- [Material provided]:
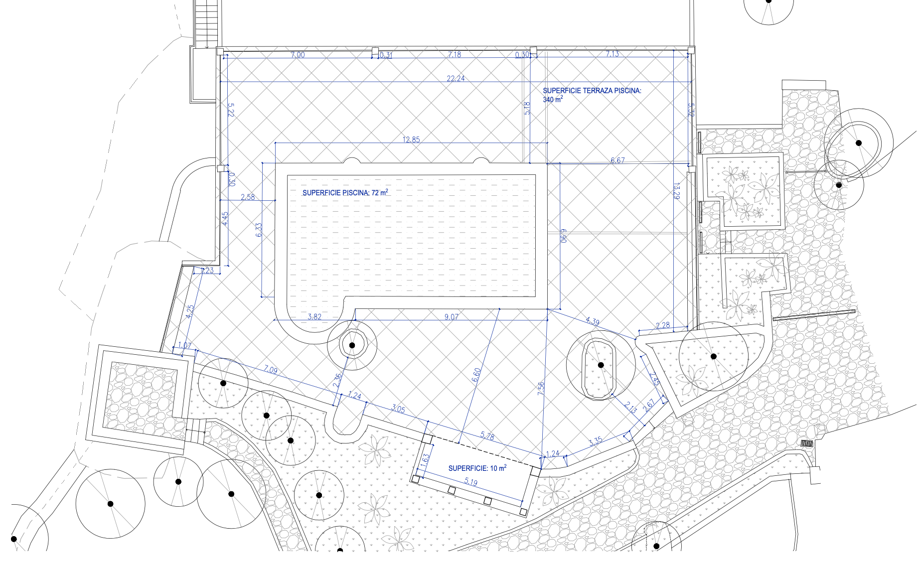 Terrassenfläche: 18m x 5m (Zementterrasse) + 12m x 5m (Rasenterrasse)
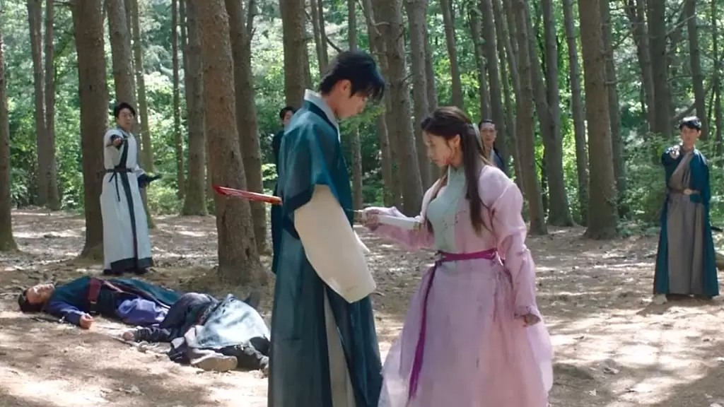 Jang Uk não vacila e continua sussurrando o nome de Mu Deok em seu ouvido. Mu Deok volta à consciência por um breve momento e percebe o que fez. Ela chora em desespero e tenta recuperar sua espada, mas Uk a abraça com força e deixa a espada passar por ele completamente.
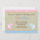 Adoráveis gêneros de elefantes de bebês, rosa e azuis, revelam convites de festas. É uma maneira legal de juntar a família e os amigos para contar as grandes notícias! Adicione seus detalhes à frente e/ou atrás, simplesmente escolhendo o botão laranja "Personalizar!" para começar a adicionar detalhes do evento, estilo da fonte, tamanho e cor da fonte e texto. Alguns gráficos gráficos ©BELGA-Dodles. Observe que todos os designs de convite que você encontrará no Zazzle são gráficos impressos em estoque de papel plano sem joias reais, arcos, levantados, gravados em relevo ou peças ou peças adicionadas.
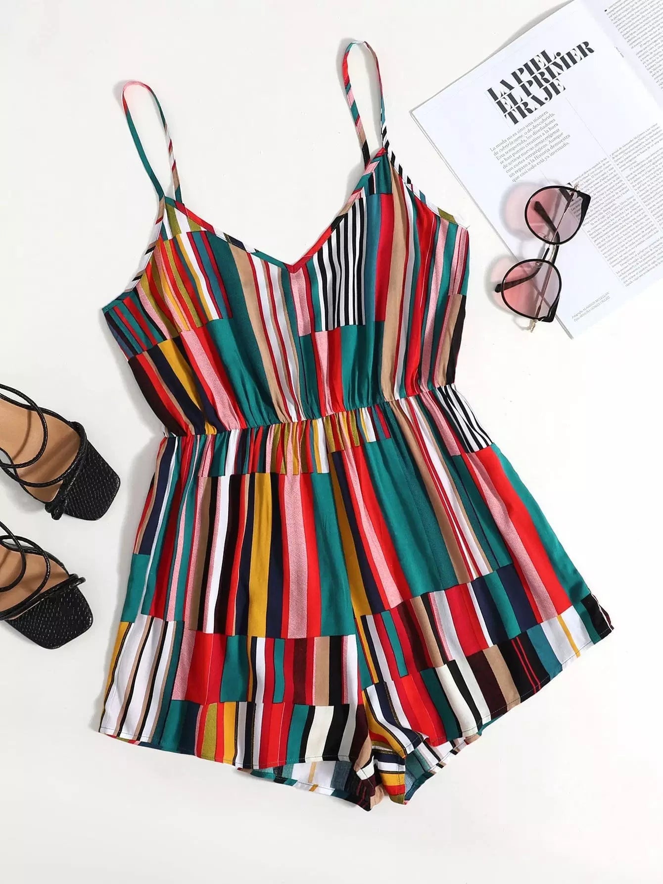 Colorful Striped Cami Romper

- [Action item]:
Recopy the whole listing above precisely, excluding images.

- [Finished exercise]:
 Terrassenfläche: 18m x 5m (Zementterrasse) + 12m x 5m (Rasenterrasse)
 Jang Uk não vacila e continua sussurrando o nome de Mu Deok em seu ouvido. Mu Deok volta à consciência por um breve momento e percebe o que fez. Ela chora em desespero e tenta recuperar sua espada, mas Uk a abraça com força e deixa a espada passar por ele completamente.
 Adoráveis gêneros de elefantes de bebês, rosa e azuis, revelam convites de festas. É uma maneira legal de juntar a família e os amigos para contar as grandes notícias! Adicione seus detalhes à frente e/ou atrás, simplesmente escolhendo o botão laranja "Personalizar!" para começar a adicionar detalhes do evento, estilo da fonte, tamanho e cor da fonte e texto. Alguns gráficos gráficos ©BELGA-Dodles. Observe que todos os designs de convite que você encontrará no Zazzle são gráficos impressos em estoque de papel plano sem joias reais, arcos, levantados, gravados em relevo ou peças ou peças adicionadas.
 Colorful Striped Cami Romper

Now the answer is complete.